From this week until November, Al Gore and Joseph Lieberman on one side, and George W. Bush and Dick Cheney on the other, will be doing everything they can to persuade Americans that they are the best choice to lead the country for the next four years. And both tickets, in terms of impressive numbers, will succeed.

That is because, on Election Day, tens of millions of people are almost certain to vote for Bush-Cheney, and tens of millions are almost certain to vote for Gore-Lieberman. That many Americans -- on each side -- will put their hopes and beliefs in each ticket. The people who vote for Gore-Lieberman, and the people who vote for Bush-Cheney, will have bought into what the candidates have told them --will have become convinced that the men on the ticket they choose have the ideas, the vision, the patriotism, the seriousness of purpose, to help our country continue in an exemplary way on its course through history.

And what will happen?

Come the morning after Election Day, two of those men will be tossed out like yesterday's garbage.

If Bush and Cheney win, Al Gore will have no future in public life. He will be looked upon as a relic of the Clinton years who couldn't pull his own weight with the voters; he will become less than a footnote to history. Joe Lieberman? An oddity, if he loses; Geraldine Ferraro 2000. He won't again be heard of on the national political scene -- these next few months will be it.

If the Gore-Lieberman ticket wins, though, Gore will be seen as a brilliant, vibrant member of a Democratic dynasty, and Lieberman will be seen as truly historic -- one of the great and inspiring political stories of all time. While Bush and Cheney will become, in public-service terms, dust --swept into a pan, discarded, suddenly not even a tiny part of the nation's life.

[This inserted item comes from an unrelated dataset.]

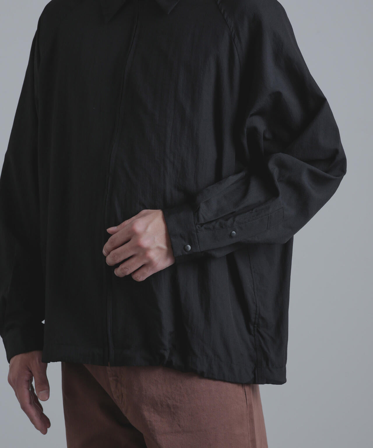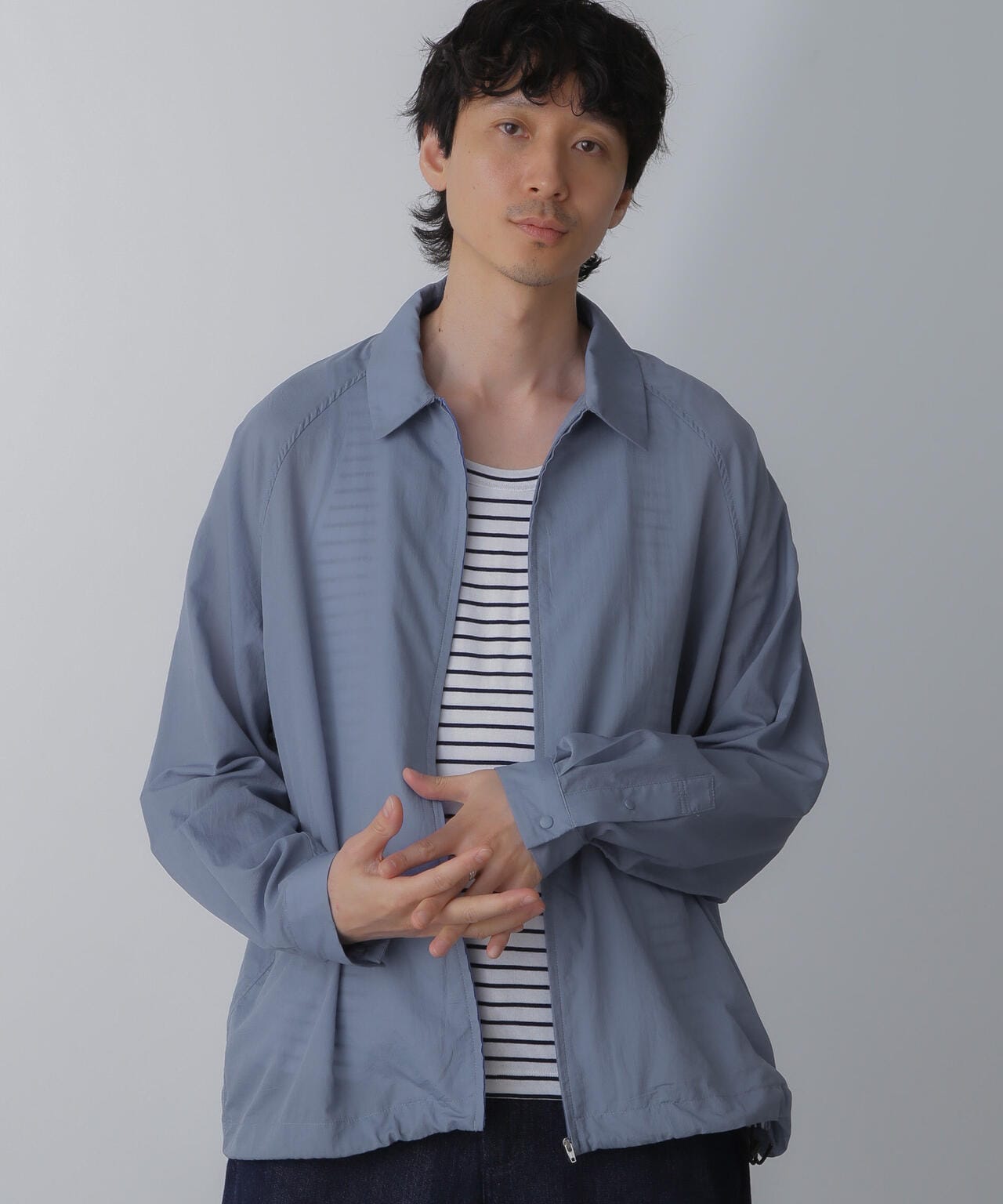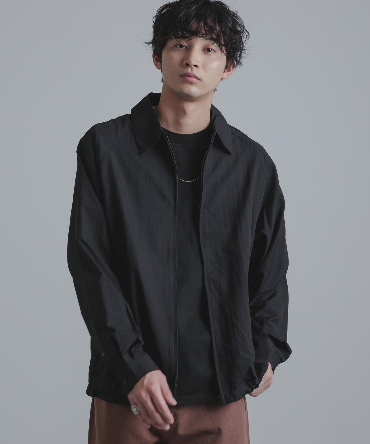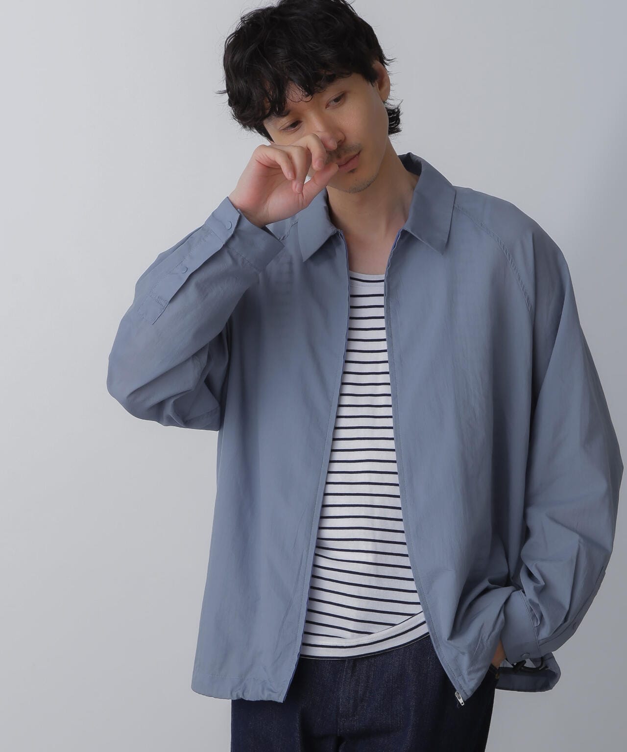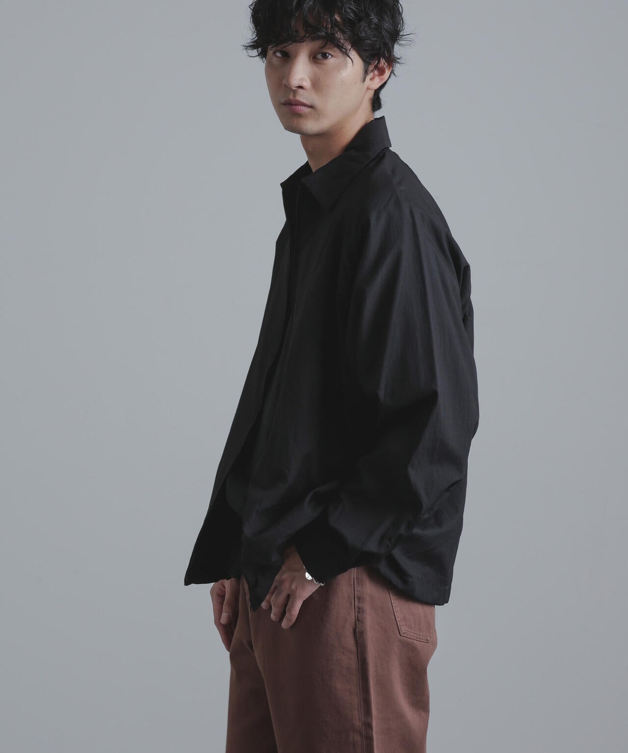 極薄のナイロン生地を使用したジップアップシャツブルゾン。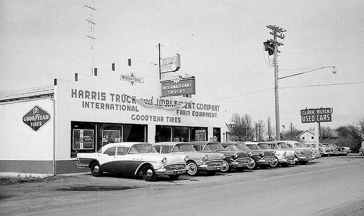 What gets my attention is the first car on the line. A stripped down Buick four-door sedan w/blackwall tires. Yet it has the optional two-color paint.

Why? That's the way things work -- the winners in a presidential race win everything, triumph completely. The losers walk away with nothing but their memories.

Which is where my proposal comes in.

We, as a nation, are being incredibly wasteful when we take candidates who have stirred the hopes of tens of millions, and find no way for those candidates to serve. Yes, Republicans are Republicans and Democrats are Democrats, and there are time-honored differences in the parties. But when a candidate wins a presidential election, he pledges to -- and is expected to --become the president of all the people.

Why not extend that spirit to the losers?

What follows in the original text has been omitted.